The Commonwealth further contends that the accused's right to speedy trial has not been violated because he has failed to affirmatively establish that he has been prejudiced by the delay. We disagree. Prejudice must be assessed with a view toward the interests of defendant which the right to speedy trial was intended to protect. In United States v. Ewell, 383 U.S. 116, 120, 86 S.Ct. 773, 15 L.Ed.2d 627 (1966), the United States Supreme Court enumerated three particular interests which must be considered: (1) to prevent oppressive pre-trial incarceration; (2) to minimize anxiety and concern of the accused; and (3) to limit the possibility that the defense will be impaired. Of course, the most crucial of these is the latter since it directly affects the fairness of the trial which the defendant will receive. In reference to the possibility of impairment of the accused's defense due to a speedy trial violation, the United States Supreme Court in Barker stated:

"If witnesses die or disappear during a delay, the prejudice is obvious. There is also prejudice if defense witnesses are unable to recall accurately events of the distant past. Loss of memory, however, is not always reflected in the record because what has been forgotten can rarely be shown." (Emphasis added).

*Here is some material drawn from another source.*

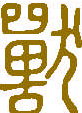 獸獸(兽)Shòu现行较罕见姓氏。今河南之郑州、山西之新绛有分布。《山西人口姓氏大全》收载; 《姓氏词典》亦收,未详其源。 獸shòu野獸。枚乘《七發》:“逐狡獸,集輕禽。” 獸 通“守”。 《吕氏春秋·君守》:“故若大师父者,以其兽者先之,所以中之也。”按:于省吾曰:“兽”应读作“守”。《广雅·释诂》:“兽,守也。” 獸“兽”的繁体字。 上一条: 兽 下一条: 瘦 兽獸{}四5795名古建筑屋脊两端的兽头形陶制装饰物。晋语。山西忻州〖 〗。   獸兽(5次) ❶泛指野兽何~能言《天》 鸟~鸣以号群兮《章·悲》 山萧条而无~兮《远》 禽~骇兮亡其曹《士》 ❷此指骐骥。鸟~犹知怀德兮《辩·五》 獸❶牛馬之類。《周禮·天官·冢宰》:“獸醫:下士四人。” 鄭玄注: “獸,牛馬之類。” ❷腊也。《儀禮·特牲饋食禮》:“棜在其南,南順,實獸於其上,東首。”鄭玄注: “獸,腊也。” 古代名物 > 獸畜類 > 雜稱部 > 單稱 > 獸 獸 shòu 哺乳動物之通稱。通體披毛,多棲於山野。《周禮·夏官·大司馬之職》:“大獸公之,小禽私之。”《左傳·襄四年》:“民有寢廟,獸有茂草。”《爾雅·釋鳥》:“四足而毛謂之獸。” 獸shòuAB46 “兽”的繁体。 獸shòuS149 “兽”的繁体。 獸獸,甲骨文作   ,金文作  ,小篆作 。 從字形分析,似是从單从犬,單亦聲。“單” 爲古代盾形器械,可用於狩獵或征戰。从犬者,狩獵必有犬。而從金文三個字形看,从單从犬亦猶从嘼从犬,“單” 即 “嘼”。裘錫圭説,“獸” 本作 “嘼”,“單” 字的繁文,所增之 “口” 爲裝飾符號,亦如金文第三字形右側 “嘼” 下之从甘,“甘” 即 “口” 中增短横者。“嘼” 增意符 “犬” 則爲 “獸”。依此,則 “獸” 字構形可以解釋爲从嘼从犬,嘼亦聲。本義是狩獵,“狩” 的初文。狩獵曰獸,故所獵之物亦曰獸,後世爲動詞義造形聲字 “狩”。周官有 “獸人”,執掌有關狩獵及貢獻獸物之事,則 “獸” “狩”一事。卜辭或用如 “狩”,狩獵。銘文或用狩獵、巡行義,或用作人名。 楚簡帛文作 ,沿襲古體。秦簡牘文作 ,古意猶存,古隸典型,又可見 “嘼” 與 “單” 本爲一事。參見059.單字條。 178.趣談“獸”字獸,從嘼從犬,嘼是獵叉和捕網的結合,犬是打獵時的得力助手。獸本應是動詞,後來借爲名詞,成了“禽獸”的“獸”。祗好另造“狩”字返還爲動詞。
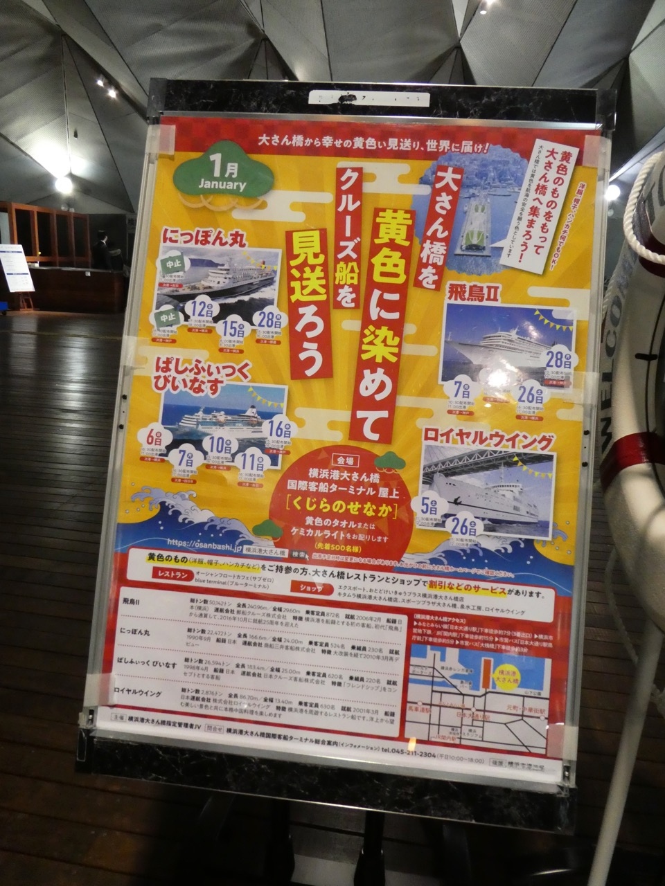 大さん橋から出航するクルーズ船を黄色いサイリウムライトやハンカチでお見送りするイベントを主として週末に開催。

Barker v. Wingo, 407 U.S. 514, 532, 92 S.Ct. 2182, 2193, 33 L.Ed.2d 101 (1972). See Commonwealth v. Jones, 450 Pa. 442, 299 A.2d 288 (1973).

Here, the length of the delay*fn12 during which appellant was without counsel, the fact that an eyewitness had died since 1966, and that crucial records had

[ 469 Pa. Page 255]

    been discarded due to the passage of time*fn13 undoubtedly operated to the detriment of the appellant's defense. A thorough review of the record in this case permits no other conclusion but that appellant was indeed prejudiced by the unnecessary delay in bringing him to trial. See Commonwealth v. Williams, 457 Pa. 502, 327 A.2d 15 (1974); Commonwealth v. Jones, 450 Pa. 442, 299 A.2d 288 (1973); Commonwealth v. Hamilton, 449 Pa. 297, 297 A.2d 127 (1972).

After balancing the factors delineated in Barker, we conclude that the excessive pre-trial delay constituted a violation of the appellant's constitutional right to speedy trial. See Commonwealth v. Ware, 459 Pa. 334, 329 A.2d 258 (1974). The judgment of sentence is reversed and the appellant discharged.